9.
a/n; miałam dodać wcześniej, ale byłam zbyt zajęta zachwycaniem się nowym albumem bts i płakaniem po przeczytaniu tłumaczeń tekstów piosenek
upewnijcie się, że przeczytaliście 8 rozdział!
***
Minął równo tydzień od wydania artykułu, a Jeongin dalej trzymał to wydanie w swojej szafce. Poprzednio zapomniał je wziąć do domu, tym razem jednak obiecał sobie, że to zrobi. Mogło się to wydawać głupie, ale chciał mieć jakąś pamiątkę, która świadczyła o tym, że spędził z Zoe kilka miłych godzin.
Tak, jak myślał, dziewczyna nie rozmawiała z nim przez te kilka dni. Nie winił jej, w końcu on też nie miał dużo wolnego czasu, ale jednak... miał wrażenie, że ich znajomość już się skończyła, tak jak skończyła się praca nad artykułem. Jakież było jego zdziwienie, kiedy Blake mówiła mu „cześć", kiedy tylko mijała go na korytarzu lub uśmiechała się i machała w jego stronę. Nie spodziewał się tego, jednak uznawał to za bardzo miłe.
Spakował gazetkę do plecaka i zamknął szafkę. Skończył już lekcje, więc zaraz miał wychodzić ze szkoły. Na zewnątrz było już ciepło. Tegoroczny maj był obfity w wyższe temperatury i mniejszą ilość chmur na błękitnym niebie. Taka pogoda przypominała Jeonginowi Busan. Coraz częściej żałował, że już tam nie mieszka (jakby nie robił tego nieprzerwanie przez ostatnie dwa lata). Tęsknił za piątkami, które spędzał ze swoim przyjacielem na plaży. Co prawda, mieszkał teraz dość niedaleko wybrzeża, ale to nie zmieniało faktu, że wolał być w Korei.
Zamiast towarzystwa Hyunjina, mógł zadowolić się jego ruszającym wizerunkiem z pikseli. Rozmawiali przez kamerkę praktycznie co tydzień, czasami jednak coś im wypadało i przez to Yang czuł się źle. Hwang był jedyną osobą, która sprawiała, że nie zwariował w Los Angeles; był powodem, dla którego jeszcze jakoś się trzymał.
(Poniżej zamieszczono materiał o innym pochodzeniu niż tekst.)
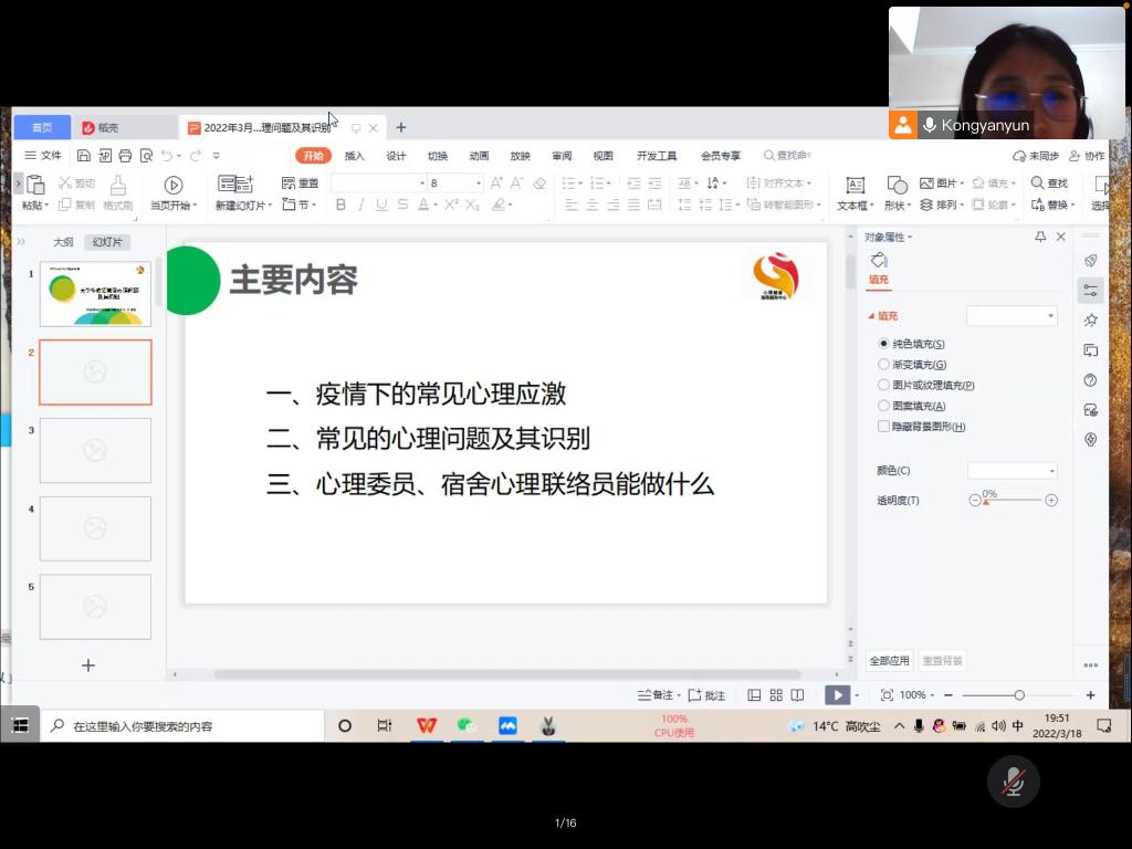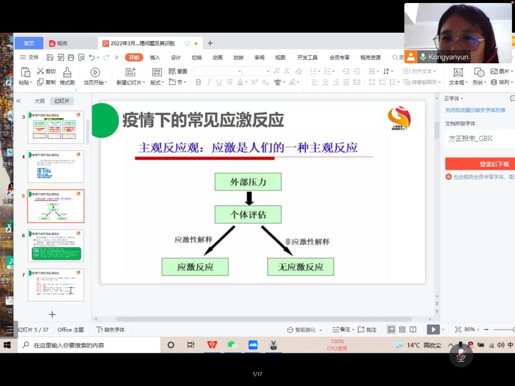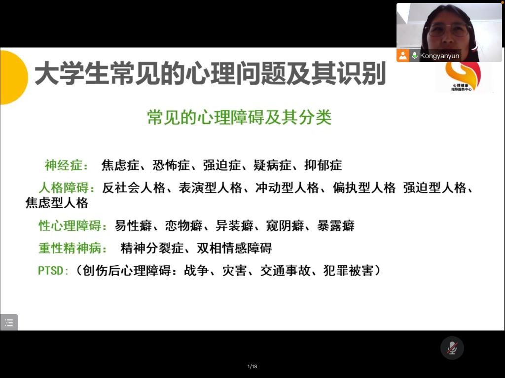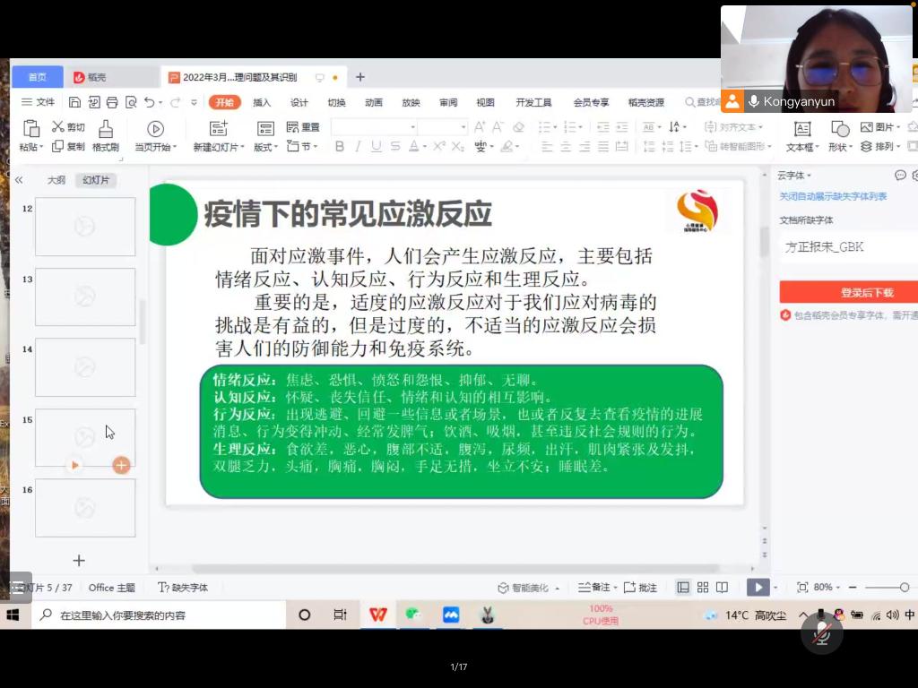 本次讲座在腾讯会议线上举行。讲座开始,校团委心理健康中心孔艳赟老师先简单地为同学们解释了何为疫情之下常见的心理应激反应,列举了九种情景及解决方法:“生活中往往会遇到一些困难的情况,都会导致人们产生心理应激反应,可以通过日记记录生活美好的时光,适当运动等方式转移注意力,舒缓心理压力,缓解心理应激反应。”

Kiedy jeszcze mieszkał w Korei, Hyunjin był jego jedynym i najlepszym przyjacielem. Jeongin od zawsze nie był szczególnie dobry w poznawaniu ludzi. Inni zawsze wybierali rozmawianie z pewnymi siebie i charyzmatycznymi osobami, nie z nim — nie z nieśmiałym i cichym chłopcem.
Hwanga poznał na początku swojej nauki w gimnazjum. Pierwszy raz rozmawiali, kiedy Jeongin zbierał swoje rzeczy i miał wracać do domu ze szkoły. Zasunął plecak i ruszył pustym korytarzem, gdy nagle z sali gimnastycznej wyszedł sporo wyższy od niego chłopak. Jego twarz była wykrzywiona w grymasie bólu; kulał na jedną nogę. Yang przygryzł wargę, walcząc z sobą, czy podejść i zapytać, co się stało i jak może pomóc, czy nie wtykać nosa w nie swoje sprawy i wracać do domu.
W końcu zdecydował się na to pierwsze, w wyniku czego został poproszony o pomoc w dotarciu do gabinetu pielęgniarki. Trochę im to zajęło, przez co Jeongin spóźnił się na autobus i jego mama nie była zbyt szczęśliwa, że musiała po niego jechać. Ale cieszył się, że przynajmniej zrobił dobry uczynek. Wtedy był pewien, że ten starszy chłopak nigdy więcej się do niego nie odezwie.
Pamiętał, jak bardzo był zdziwiony, kiedy Hyunjin następnego dnia podszedł do niego z zabandażowaną kostką i zaczął mu dziękować. Uparł się, żeby w ramach podziękowań zabrać go na jedzenie po szkole i koniec końców spędzili kilka godzin, jedząc i śmiejąc się.
Od tamtego czasu on i Yang rozmawiali często i niedługo później zostali przyjaciółmi. Jeongin cieszył się, że ma takiego fajnego hyunga i czasami zastanawiał się, jak to się stało, że taki pewny siebie, popularny i przystojny chłopak zdecydował się z nim zaprzyjaźnić.
Cieszył się, że go miał, nawet jeśli mieszkał tak daleko i dzieliły ich strefy czasowe.